A la veille de son entrée en vigueur prévue pour janvier 2014, l’Indemnité pour perte d’emploi (IPE) ne fait toujours pas l’unanimité. Dans le milieu syndical, on s’interroge encore sur le bien-fondé des conditions d’éligibilité, en particulier sur la période d’activité donnant droit aux indemnités. En effet, selon le texte réglementant l’IPE, l’assuré concerné doit justifier d’une période d’assurance au régime de sécurité sociale d’au moins 780 jours pendant les trois années précédant l’arrêt du travail, dont 260 jours durant les douze derniers mois civils. Et c’est justement ces 260 jours qui, selon une source proche du dossier, font défaut à plus de 50% de la population éligible, laquelle est estimée à 30 000 personnes par la Caisse nationale de sécurité sociale (CNSS) sur la base des états déclaratifs annuels.

Cette défaillance s’explique, selon une source syndicale, par la nature des systèmes déclaratifs adoptés par plusieurs secteurs d’activité. D’après les statistiques 2012 de la CNSS, le nombre moyen des mois déclarés est de 9,1, soit 211 jours déclarés par salarié. Ce qui reste en deçà du nombre de jours, 260 jours ou 10 mois, retenu par le texte.
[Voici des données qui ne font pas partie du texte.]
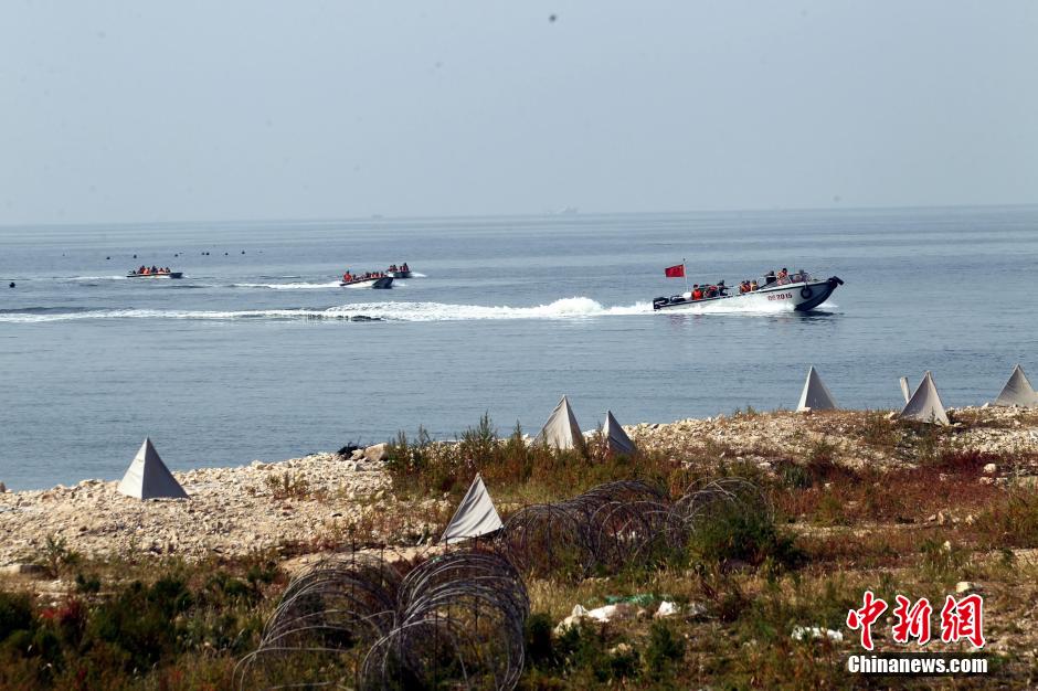 Nearly 6,000 troops of over 20 units from PLA Navy North Sea Fleet and Jinan Military Area Command conduct the "Joint-2014B" military drill in Bohai Bay from Sept. 25 to Sept. 27, 2014. (Chinanews.com/Qiu Chengliang)
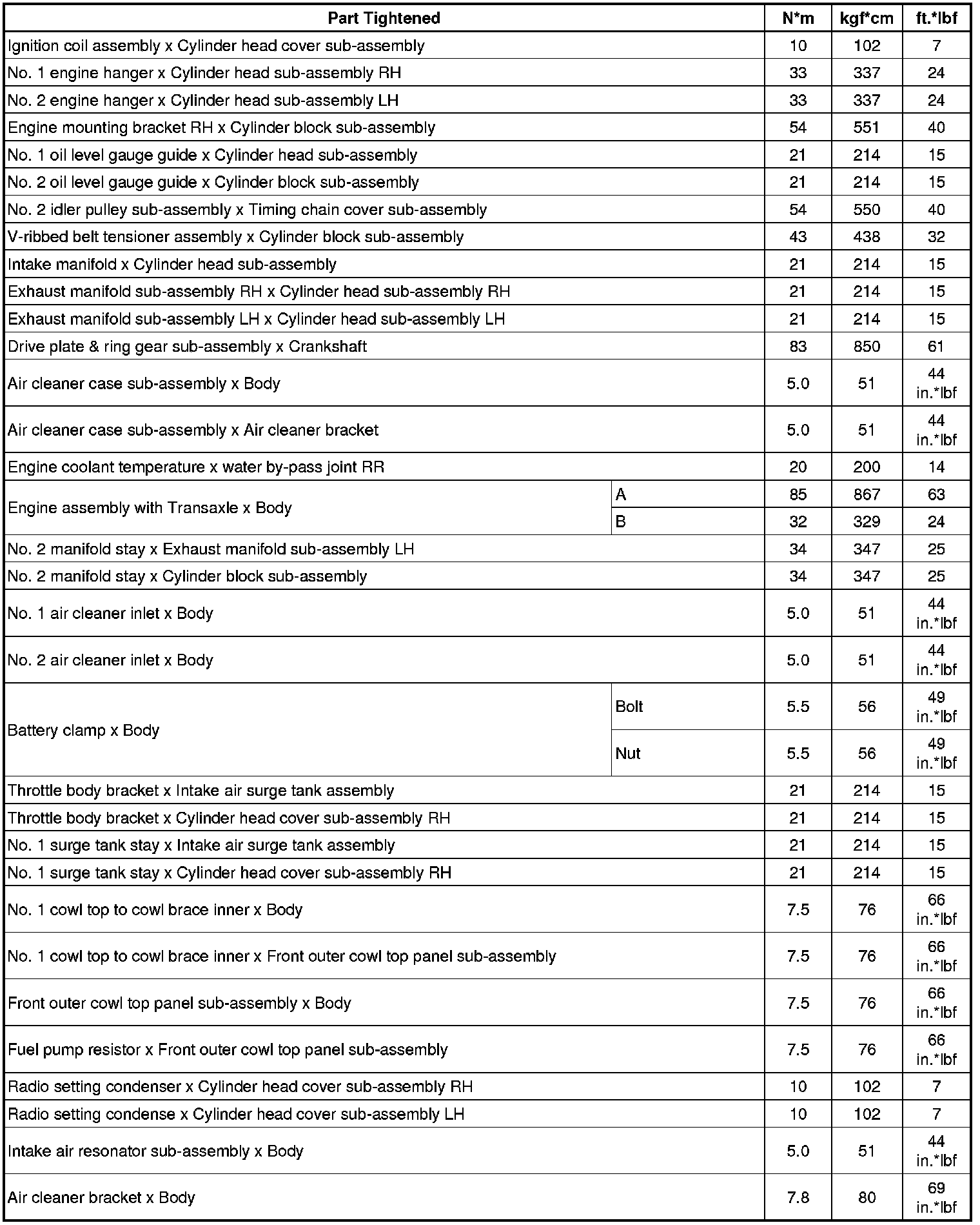 Torque Specifications

La lecture des statistiques 2012 de la CNSS relatives à la durée déclarée par salarié et par secteur laisse apparaître que sur les dix-sept secteurs d’activité considérés, le salarié n’est régulièrement déclaré pour une période de 10 mois que dans 6 secteurs (les activités extra-territoriales, les activités financières, l’administration publique, les industries extractives, la production et distribution d’électricité, de gaz et d’eau et la santé et l’action sociale)  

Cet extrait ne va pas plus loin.